Conclusion: There was a significant relationship between social support and burden on family caregivers of schizophrenia patients.
Keywords: Caregiver, Schizophrenia, Burden, Psychiatric, Ambulatory care. (JPMA 73: S-42 [Suppl. 2]; 2023)
Schizophrenia affects around 20 million people worldwide.1 In Indonesia, 13% of the diseases are mental health disorders and this figure will increase to 25% by 2030. Basic Health Research in Indonesia (RISKESDAS) showed that there were 6% people with schizophrenia in East Java.2 Furthermore, in Surabaya, data from Menur Mental Health Hospital (MMHH) in 2020 showed that there were 9,994 outpatients with schizophrenia.3 These numbers indicate a large number of family caregivers also for schizophrenia patients.
Patients with schizophrenia have functional disabilities,4 and need support, especially from their families.4,5 However, family caregivers often experience a psychological and physical burden in caring for such patients. They experience a feeling of boredom, fatigue and a decrease in quality of life.6,7
Family caregivers have many stressors when caring for patients with schizophrenia.8 They have to spend most of their time taking care of the patients to obtain health outcomes. Caregivers also experience social stigma,9,10 which causes shame and social withdrawal among them. In addition, the high cost of care and changes in the roles and responsibilities of the family caregivers cause uncertainty in life.9
Social support is needed to maintain the psychological wellbeing and to share the burden of family caregivers.6,11 Previous studies regarding social support have show heterogeneity.12 The current study was planned to assess the relationship between social support and the burden of family caregivers of schizophrenia patients.
Subjects and Methods
The cross-sectional, observational study was conducted at MMHH, Surabaya, Indonesia, from June to July 2021. After approval from the institutional ethics review board, the sample was raised using random sampling technique. Those included were family caregivers from among those who visited the MMHH outpatient clinic, were aged 20-60 years, and lived with the patients. Informed consent was obtained from all the subjects, and those who did not want to participate were excluded.
After the researcher was screened by polymerase chain rection (PCR) test for coronavirus disease-2019 (COVID-19), data was collected using a self-reporting questionnaire with all the relevant permissions in hand.13,14 The questionnaires were distributed among the subjects, and those who wanted to withdraw after going through the questionnaires were allowed to do so.

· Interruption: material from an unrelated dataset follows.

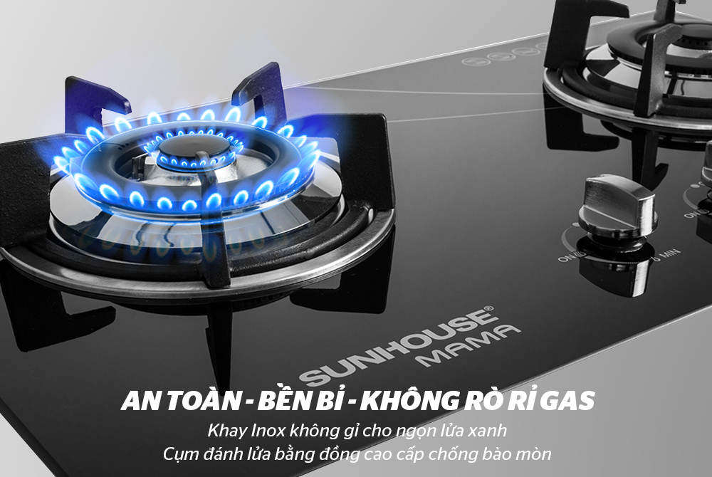 Bếp gas âm kính CHÍNH HÃNG SUNHOUSE MAMA MMB6633 có hệ thống đánh lửa bằng PIN rất an toàn, tiện lợi. Bạn dễ dàng bật tắt và điều chỉnh lửa bằng 2 núm vặn cực nhạy, chỉ cần xoay 1 lần là lửa đã cháy, không cần bật nhiều lần gây rò rỉ và hao phí gas.

The Family caregiver burden was assessed using the Indonesian version of Zarit Burden Interview (ZBI).15 The questionnaire has 22 items under 4 domains; emotional component (15 items), physical health (2 items), social burden (3 items), and financial burden (2 items). The tool is scored on a Likert scale, with 0=never and 4=always. Score 0-21 indicates no burden, 21-40 mild-moderate burden, 41-60 moderate to severe burden, and 61-88 a very severe burden. Cronbach’s alpha of the questionnaire was 0.931.14
The questionnaire used to assess social support had four domains; appraisal support, informational support, instrumental support and emotional support. The 10-item instrument is scored using a Likert scale, with 0=never and 4=always. Total score 36.8 indicates good social support, 25.4-36.8 moderate social support, and ≤25.4 low social support. The questionnaire had internal consistency, with Cronbach’s alpha value 0.951.13
Data was analysed using SPSS 25. Descriptive statistics were used to express frequencies and percentages of each variable. Spearman rho was applied to determine the relationship between two variables. P<0.05 indicated statistical significance.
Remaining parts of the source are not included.